== DIRECTIONS FOR THIS TASK ==
For every entry that follows, return the words exactly and omit any picture.

[Items from a data source]
* * * * * * *

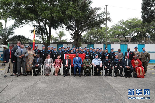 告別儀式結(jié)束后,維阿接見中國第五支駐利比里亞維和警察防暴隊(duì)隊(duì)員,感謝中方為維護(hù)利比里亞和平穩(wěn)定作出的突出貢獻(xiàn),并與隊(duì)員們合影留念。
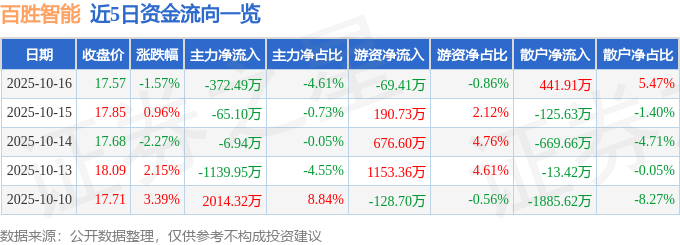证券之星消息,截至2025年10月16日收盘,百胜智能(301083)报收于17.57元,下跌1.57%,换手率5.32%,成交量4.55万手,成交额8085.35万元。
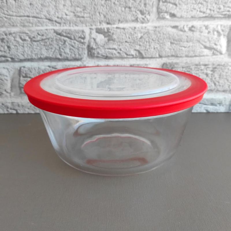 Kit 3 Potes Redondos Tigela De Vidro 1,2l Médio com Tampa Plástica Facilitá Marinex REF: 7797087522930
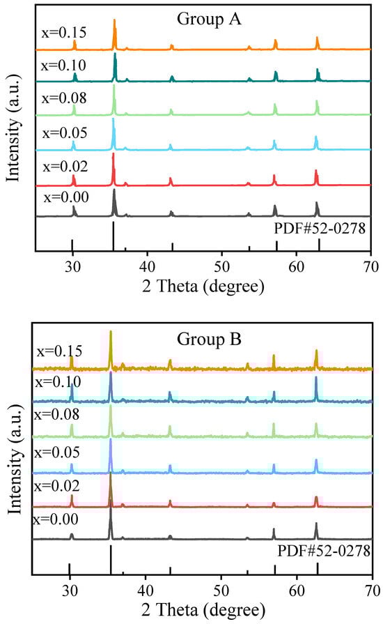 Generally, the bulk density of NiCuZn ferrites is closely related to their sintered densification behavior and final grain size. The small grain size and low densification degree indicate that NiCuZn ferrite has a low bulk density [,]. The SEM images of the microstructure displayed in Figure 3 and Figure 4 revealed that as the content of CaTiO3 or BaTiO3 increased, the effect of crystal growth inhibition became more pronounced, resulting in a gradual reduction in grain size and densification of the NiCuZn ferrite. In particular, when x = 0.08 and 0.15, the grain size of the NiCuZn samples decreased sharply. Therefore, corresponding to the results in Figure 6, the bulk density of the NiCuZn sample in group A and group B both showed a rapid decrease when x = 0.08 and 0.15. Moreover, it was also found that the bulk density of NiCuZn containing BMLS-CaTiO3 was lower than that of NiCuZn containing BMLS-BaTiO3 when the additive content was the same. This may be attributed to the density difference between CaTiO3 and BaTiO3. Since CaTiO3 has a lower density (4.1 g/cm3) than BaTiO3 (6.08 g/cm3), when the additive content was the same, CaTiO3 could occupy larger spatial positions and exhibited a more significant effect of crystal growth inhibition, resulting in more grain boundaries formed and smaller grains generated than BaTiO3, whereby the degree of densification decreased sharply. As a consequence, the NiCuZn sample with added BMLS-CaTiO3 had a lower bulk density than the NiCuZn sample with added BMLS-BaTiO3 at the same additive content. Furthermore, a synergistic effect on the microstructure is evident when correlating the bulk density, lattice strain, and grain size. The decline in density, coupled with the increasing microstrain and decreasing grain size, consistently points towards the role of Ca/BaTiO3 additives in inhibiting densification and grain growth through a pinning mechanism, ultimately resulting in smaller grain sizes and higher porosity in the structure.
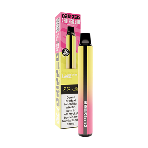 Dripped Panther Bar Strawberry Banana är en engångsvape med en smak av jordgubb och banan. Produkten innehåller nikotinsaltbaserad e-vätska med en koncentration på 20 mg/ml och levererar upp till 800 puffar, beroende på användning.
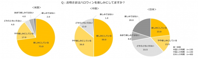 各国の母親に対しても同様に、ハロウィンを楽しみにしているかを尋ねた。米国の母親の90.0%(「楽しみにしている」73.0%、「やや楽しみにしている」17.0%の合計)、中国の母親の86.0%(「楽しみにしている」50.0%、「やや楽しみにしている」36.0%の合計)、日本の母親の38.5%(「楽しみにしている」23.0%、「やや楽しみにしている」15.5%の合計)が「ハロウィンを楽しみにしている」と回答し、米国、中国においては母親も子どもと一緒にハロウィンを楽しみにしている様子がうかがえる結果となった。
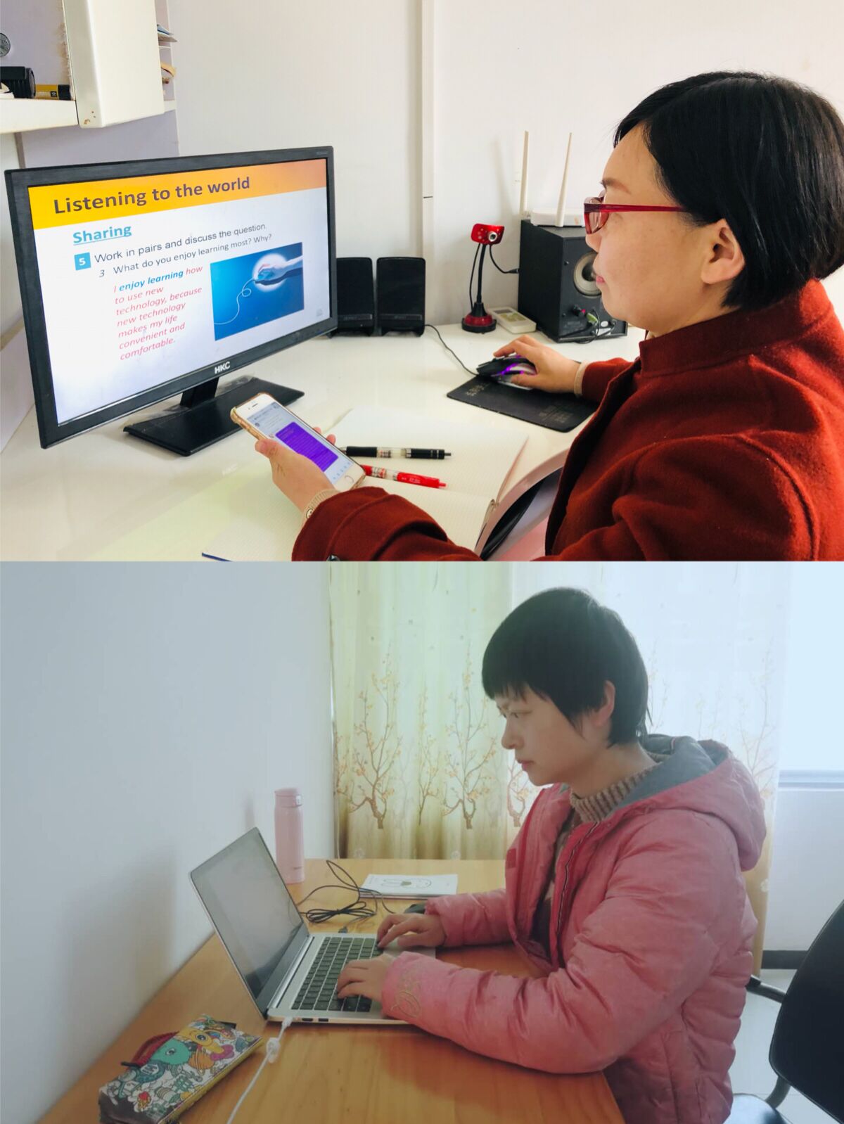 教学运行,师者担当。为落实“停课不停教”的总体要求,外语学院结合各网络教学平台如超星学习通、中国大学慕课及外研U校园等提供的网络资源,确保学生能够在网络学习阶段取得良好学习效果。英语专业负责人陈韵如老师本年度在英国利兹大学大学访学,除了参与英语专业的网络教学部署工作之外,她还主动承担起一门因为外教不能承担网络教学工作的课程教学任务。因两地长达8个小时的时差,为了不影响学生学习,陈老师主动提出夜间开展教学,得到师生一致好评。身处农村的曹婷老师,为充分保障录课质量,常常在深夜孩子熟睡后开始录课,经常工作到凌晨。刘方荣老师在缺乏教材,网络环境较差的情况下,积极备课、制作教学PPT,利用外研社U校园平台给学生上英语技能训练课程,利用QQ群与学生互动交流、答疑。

* * * * * * *

== RESPONSE AREA ==
 告別儀式結(jié)束后,維阿接見中國第五支駐利比里亞維和警察防暴隊(duì)隊(duì)員,感謝中方為維護(hù)利比里亞和平穩(wěn)定作出的突出貢獻(xiàn),并與隊(duì)員們合影留念。
证券之星消息,截至2025年10月16日收盘,百胜智能(301083)报收于17.57元,下跌1.57%,换手率5.32%,成交量4.55万手,成交额8085.35万元。
 Kit 3 Potes Redondos Tigela De Vidro 1,2l Médio com Tampa Plástica Facilitá Marinex REF: 7797087522930
 Generally, the bulk density of NiCuZn ferrites is closely related to their sintered densification behavior and final grain size. The small grain size and low densification degree indicate that NiCuZn ferrite has a low bulk density [,]. The SEM images of the microstructure displayed in Figure 3 and Figure 4 revealed that as the content of CaTiO3 or BaTiO3 increased, the effect of crystal growth inhibition became more pronounced, resulting in a gradual reduction in grain size and densification of the NiCuZn ferrite. In particular, when x = 0.08 and 0.15, the grain size of the NiCuZn samples decreased sharply. Therefore, corresponding to the results in Figure 6, the bulk density of the NiCuZn sample in group A and group B both showed a rapid decrease when x = 0.08 and 0.15. Moreover, it was also found that the bulk density of NiCuZn containing BMLS-CaTiO3 was lower than that of NiCuZn containing BMLS-BaTiO3 when the additive content was the same. This may be attributed to the density difference between CaTiO3 and BaTiO3. Since CaTiO3 has a lower density (4.1 g/cm3) than BaTiO3 (6.08 g/cm3), when the additive content was the same, CaTiO3 could occupy larger spatial positions and exhibited a more significant effect of crystal growth inhibition, resulting in more grain boundaries formed and smaller grains generated than BaTiO3, whereby the degree of densification decreased sharply. As a consequence, the NiCuZn sample with added BMLS-CaTiO3 had a lower bulk density than the NiCuZn sample with added BMLS-BaTiO3 at the same additive content. Furthermore, a synergistic effect on the microstructure is evident when correlating the bulk density, lattice strain, and grain size. The decline in density, coupled with the increasing microstrain and decreasing grain size, consistently points towards the role of Ca/BaTiO3 additives in inhibiting densification and grain growth through a pinning mechanism, ultimately resulting in smaller grain sizes and higher porosity in the structure.
 Dripped Panther Bar Strawberry Banana är en engångsvape med en smak av jordgubb och banan. Produkten innehåller nikotinsaltbaserad e-vätska med en koncentration på 20 mg/ml och levererar upp till 800 puffar, beroende på användning.
 各国の母親に対しても同様に、ハロウィンを楽しみにしているかを尋ねた。米国の母親の90.0%(「楽しみにしている」73.0%、「やや楽しみにしている」17.0%の合計)、中国の母親の86.0%(「楽しみにしている」50.0%、「やや楽しみにしている」36.0%の合計)、日本の母親の38.5%(「楽しみにしている」23.0%、「やや楽しみにしている」15.5%の合計)が「ハロウィンを楽しみにしている」と回答し、米国、中国においては母親も子どもと一緒にハロウィンを楽しみにしている様子がうかがえる結果となった。
 教学运行,师者担当。为落实“停课不停教”的总体要求,外语学院结合各网络教学平台如超星学习通、中国大学慕课及外研U校园等提供的网络资源,确保学生能够在网络学习阶段取得良好学习效果。英语专业负责人陈韵如老师本年度在英国利兹大学大学访学,除了参与英语专业的网络教学部署工作之外,她还主动承担起一门因为外教不能承担网络教学工作的课程教学任务。因两地长达8个小时的时差,为了不影响学生学习,陈老师主动提出夜间开展教学,得到师生一致好评。身处农村的曹婷老师,为充分保障录课质量,常常在深夜孩子熟睡后开始录课,经常工作到凌晨。刘方荣老师在缺乏教材,网络环境较差的情况下,积极备课、制作教学PPT,利用外研社U校园平台给学生上英语技能训练课程,利用QQ群与学生互动交流、答疑。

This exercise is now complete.